Belli bir yaşın üzerinde olan vatandaşların bir çok ekonomik krizlere şahit oldukları olmuştur. Yüksek enflasyon, devalüasyon ve kuyrukları yaşamıştır. Helede şu kuyruklarda çokça çekmişliği görmüş ve omuzunda boş büyük tüp ile sabahın köründe kuyruğa girmişizdir. Yada 5 kg katı yağı aldığımızda emsalsiz bir sevinci yaşamıştırız. İşte o zaman bunların fiyatlarını sormaya bile cesareti kendimizde bulmamıştırız.

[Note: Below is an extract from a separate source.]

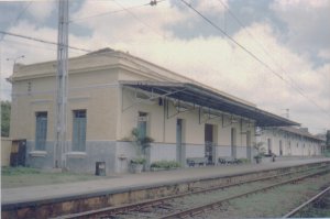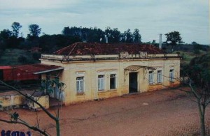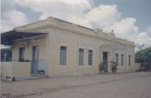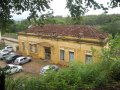 ACIMA; Em primeiro plano, a antiga casa de chaves. Ao fundo, a estação (Foto Victor Hugo Silva em 29/5/2011).

İçinde bulunduğumuz şu dönemlerde ne yazık ki ekonomik sıkıntılarımız mevcuttur. Şükürler olsun ki her ne kadar yokluk ve kıtlık yok ise de, fiyat artışları olmuş ve halende devam etmektedir. Tabi bu fiyat artışlarının bir çok nedenleri vardır ve bu nedenlere dayanarak malların mamullerin, yarı mamullerin ve gıda maddelerinin fiyatları artmakta ise de bir çoğuda durmak bilmez tüketim sonucu oluşan arz/talep dengesinin talep lehine bozulması sonucu; Arz edenlerinde bunu fırsata çevirme istek ve duygularının da hiç şüphesiz olumsuz etkisi olmaktadır.
Piyasanın her sahasında ki ürünlerde aşırı fiyat artışları sürerken bir konu dikkatimi çekiyor. Yazılı ve görsel basının özellikle kira artışından şikayeti, hep ön planda tutuyor. Evet doğrudur. Bu kira artışları da olumsuz bir etki yapıyor piyasa da. Sadece bu mu? Neden bu ön planda tutulmaya çalışıyor acaba? Gayrimenkul fiyatlarının girdiler nedeniyle bu denli artması sonucu vardığı rakamlara bakıldığında kira miktarının tutarını da varın siz söyleyin.
Kira geliri ile geçinen insanların bu gelirinden başka gelirlerinin olmadığını, bu kira gelirleri ile geçinmeye çalıştıklarını varsayarsak sadece bu noktada vurgu yapmak, bu konuyu bu fiyat artışlarını çıbanbaşı gibi lanse etmek bu insanlara haksızlık yapılmış sayılmaz mı? Fiyat artışında şikayet edilecek ise top yekun edilmelidir. 35 TL sıvı yağın 180 TL’ ye çıktığında söylemeliyiz. Yoksa 1500 TL kiranın 2500 TL’ye çıktığını söylemek eksik olmaz mı? Elbette olur. Ya da kiralık dükkanda günün şartlarına uygun alış veriş yaparken kira artışını bu düzeyde yapmamak da başka bir açıda haksızlık olmaz mi?.
Birde kira kontratı gereği düşük kira artışı uygulanan mülkler var ki buradaki kiracılarında bundan ziyade günün şartlarına göre kira artışı yapmaları kontratın bitimine müteakip sürtüşmelerin de önüne geçer. Eğere bu artışlarda şikayet ediyorsak ki, ediyoruz da ,ülkemizin her katmanı bu enflasyonla mücadele etmeli ve elinden geldiğince bu mücadeleye katkı sağlamalıdır. Nasıl mı? Şöyle olmalıdır. Önce tüketici olarak bizler zam gelecek diye ihtiyacımız dışında harcama yapmamalıyız. Harcama yaparken de aylık, yıllık ihtiyacımız yerine en fazla haftalık ihtiyacımızı geçmeyecek şekilde alışveriş yapmalıyız.
Üretici konumunda ise eğer eğer en ucuzu mal edip aşırı kar marjı düşünerek fiyatları şişirip arza sunmamalıyız. Hele hele de stokçuluğa asla tevessül etmemeliyiz. Unutmamalıyız ki bir yerde satıcı ise de diğer yerde alıcı konumundayız. İşçi ve memur isek işimizin hakkını vererek çalışmalıyız. Alın terimizle kazandığımız kazancımıza gölge düşürmemeliyiz. Doğru tartmalı ve doğru konuşan esnaf olmalıyız. Kiralayan isek mülkümüzün kira tutarını belirlerken günün şartları ve devletimizin belirlediği kira artışlarını mutlaka göz önünde bulundurarak vicdanlı davranmalıyız. Kısaca adam gibi adam olarak yaşamalı ve hayatımızı sürdürmeliyiz.
Eğer bunlarda bir hata ve kusurumuz var ise o zamanda yana, yana durumda şikayet ederken şapkamızı önüme alarak düşünmeliyiz. Düşünürken de bu hakkı ben kendimde nasıl buluyorum demeyi de sakın ola ki ihmal etmemeliyiz.